→ **Records to process**:
──────────

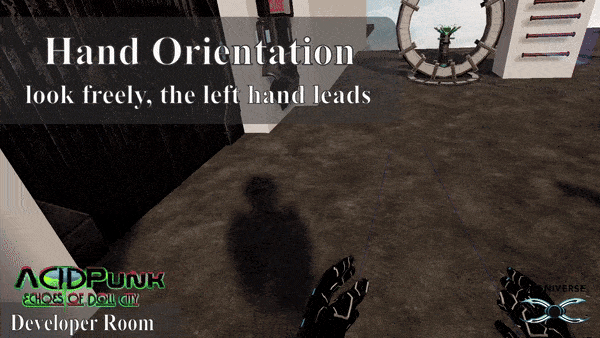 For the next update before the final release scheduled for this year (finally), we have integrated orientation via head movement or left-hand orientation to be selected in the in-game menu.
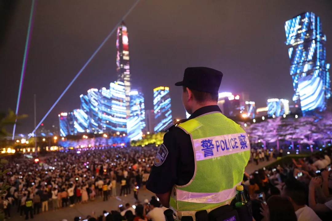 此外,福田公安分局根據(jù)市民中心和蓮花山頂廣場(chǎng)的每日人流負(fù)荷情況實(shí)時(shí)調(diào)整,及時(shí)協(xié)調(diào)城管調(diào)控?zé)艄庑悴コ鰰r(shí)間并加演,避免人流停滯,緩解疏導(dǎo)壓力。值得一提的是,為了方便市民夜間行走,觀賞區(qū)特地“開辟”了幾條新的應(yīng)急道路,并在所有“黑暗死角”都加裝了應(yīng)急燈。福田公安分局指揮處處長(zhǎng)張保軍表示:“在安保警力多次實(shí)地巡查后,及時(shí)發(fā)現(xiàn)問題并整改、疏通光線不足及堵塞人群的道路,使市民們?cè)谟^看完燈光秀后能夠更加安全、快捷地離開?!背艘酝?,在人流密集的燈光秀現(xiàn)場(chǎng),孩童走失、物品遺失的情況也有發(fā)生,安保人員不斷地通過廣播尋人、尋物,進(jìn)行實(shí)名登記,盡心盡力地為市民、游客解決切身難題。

──────────

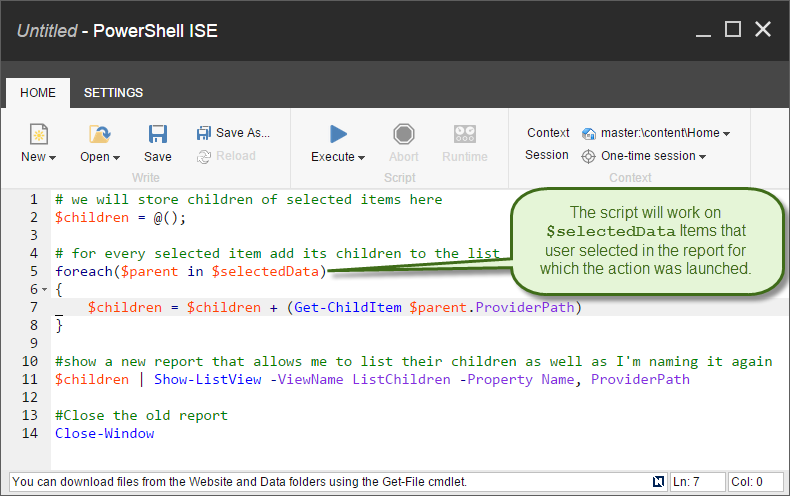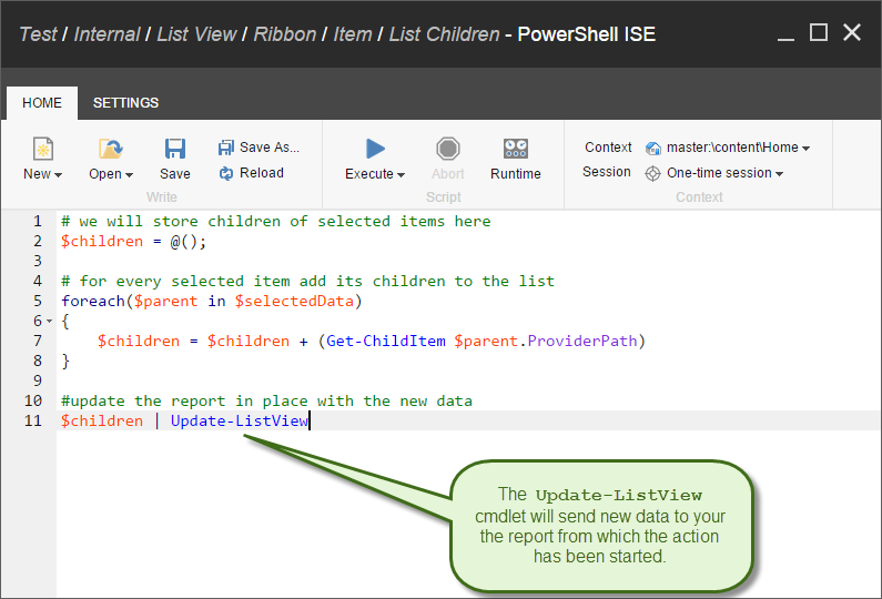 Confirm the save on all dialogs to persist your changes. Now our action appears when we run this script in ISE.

──────────

→ **Exercise**: Of the lines above, copy only those from the one holding "For the next" to the one holding "此外,福田公安分局根據(jù", both included, and exclude every image.

→ **Answer section**:
 For the next update before the final release scheduled for this year (finally), we have integrated orientation via head movement or left-hand orientation to be selected in the in-game menu.
 此外,福田公安分局根據(jù)市民中心和蓮花山頂廣場(chǎng)的每日人流負(fù)荷情況實(shí)時(shí)調(diào)整,及時(shí)協(xié)調(diào)城管調(diào)控?zé)艄庑悴コ鰰r(shí)間并加演,避免人流停滯,緩解疏導(dǎo)壓力。值得一提的是,為了方便市民夜間行走,觀賞區(qū)特地“開辟”了幾條新的應(yīng)急道路,并在所有“黑暗死角”都加裝了應(yīng)急燈。福田公安分局指揮處處長(zhǎng)張保軍表示:“在安保警力多次實(shí)地巡查后,及時(shí)發(fā)現(xiàn)問題并整改、疏通光線不足及堵塞人群的道路,使市民們?cè)谟^看完燈光秀后能夠更加安全、快捷地離開?!背艘酝?,在人流密集的燈光秀現(xiàn)場(chǎng),孩童走失、物品遺失的情況也有發(fā)生,安保人員不斷地通過廣播尋人、尋物,進(jìn)行實(shí)名登記,盡心盡力地為市民、游客解決切身難題。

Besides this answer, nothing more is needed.